Одно время были организованы дамами особые чаи специально для кадет; эти маленькие праздники устраивались обыкновенно на одной из площадок Сфаята и обставлялись очень тщательно – пекли пирожки, всякие сласти, красиво убирались столы и т. д. Чаепития заканчивались играми. Намерения у дам были самые хорошие, искренние, но организация была довольно сложная, немного стеснявшая обе стороны, и эти чаи сами собою прекратились.
Были попытки и более серьезного сближения с учащимися на почве, например, литературных интересов. Так, преподавателем Ал. З. Им-им был организован литературный кружок, который, как и все подобные кружки, был лишь эпизодом на фоне нашей школьной жизни. Было устроено несколько докладов и чтений собственных произведений членов кружка. На одном я читал о Бальмонте, который большинству представлялся последней ступенью модерна и декадентщины, а на другом – о Григе с музыкальной иллюстрацией. Сам Ал. Зах. обычно читал своего излюбленного Ал. К. Толстого, которого читал действительно хорошо.

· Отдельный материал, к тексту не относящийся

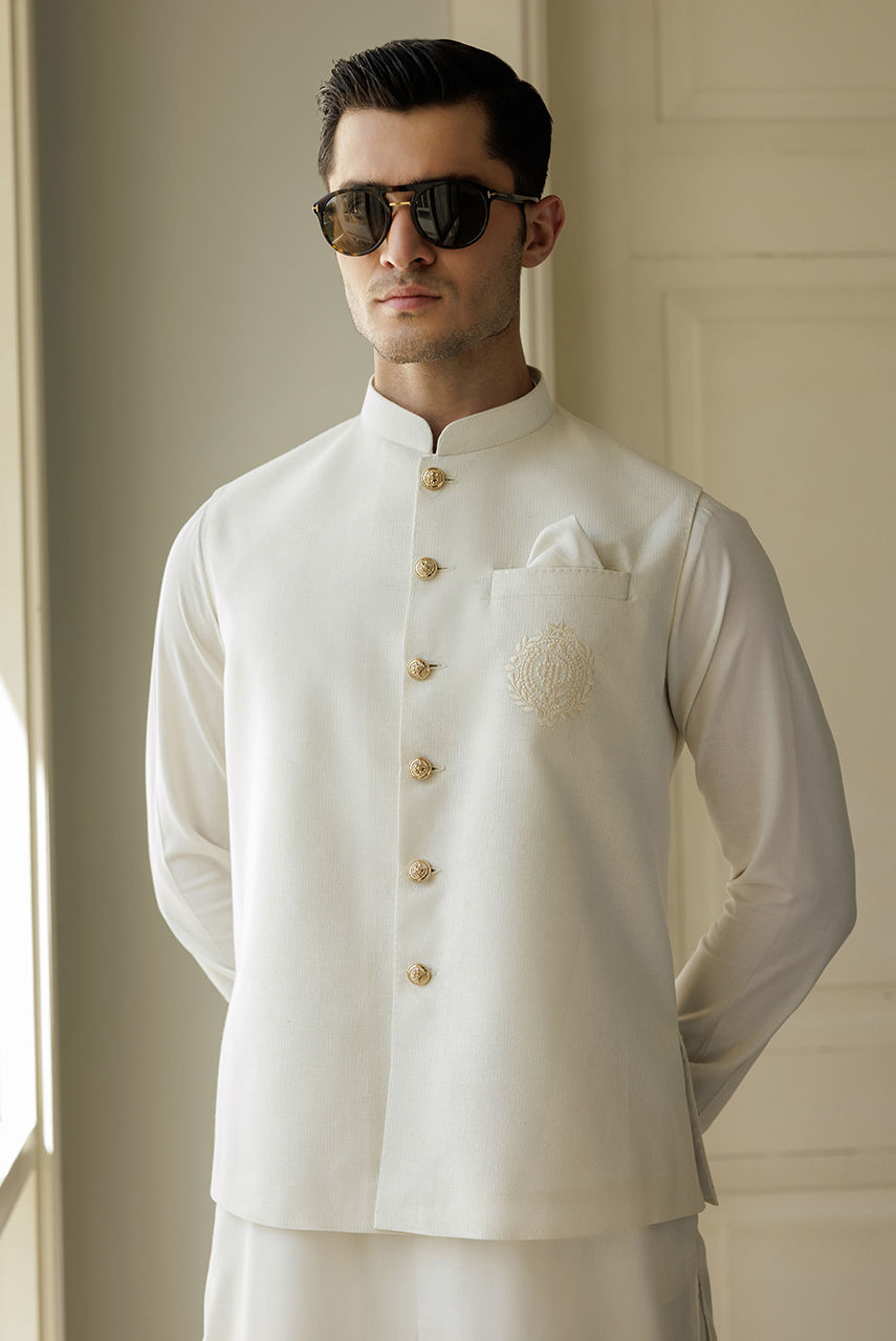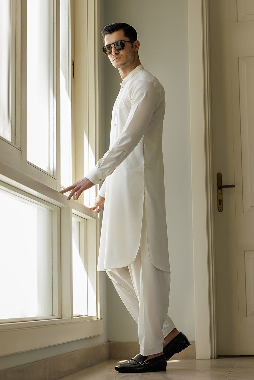 White boski Linen kurta shalwar with metal button and detailing on the cuff with DP logo.

Праздники входили очень важной частью в наш африканский быт. На спорт было обращено большое внимание – на выписку снарядов денег не жалели, процветали игры, в том числе футбол на очень плохой, донельзя каменистой площадке…
Среди традиционных развлечений нельзя не вспомнить ряд спектаклей, в которых принимали участие и воспитанники, и наши дамы. Ставился и Чехов, и Ал. Н. Толстой, и пьесы местного происхождения. В «Руфи», написанной В.В. Б-м, мне пришлось принять участие в качестве музыканта. Пьеса была недурно поставлена во рву, среди фундаментальных каменных стен, весьма подходящих к изображению грузных стен древнего библейского города. В последний год с кадетами я поставил «в сукнах» сцены из «Недоросля» и «Стрелочка» с стихотворным вариантом, написанным Ириной К. Последняя пьеска оказалась очень сценичной. Яркие цветы на темном фоне сукна, живописные костюмы девиц и веселая песенка, идущая все время с приплясыванием, имели шумный успех. Незатейливый мотив и веселые слова долгое время назойливо звучали в ушах…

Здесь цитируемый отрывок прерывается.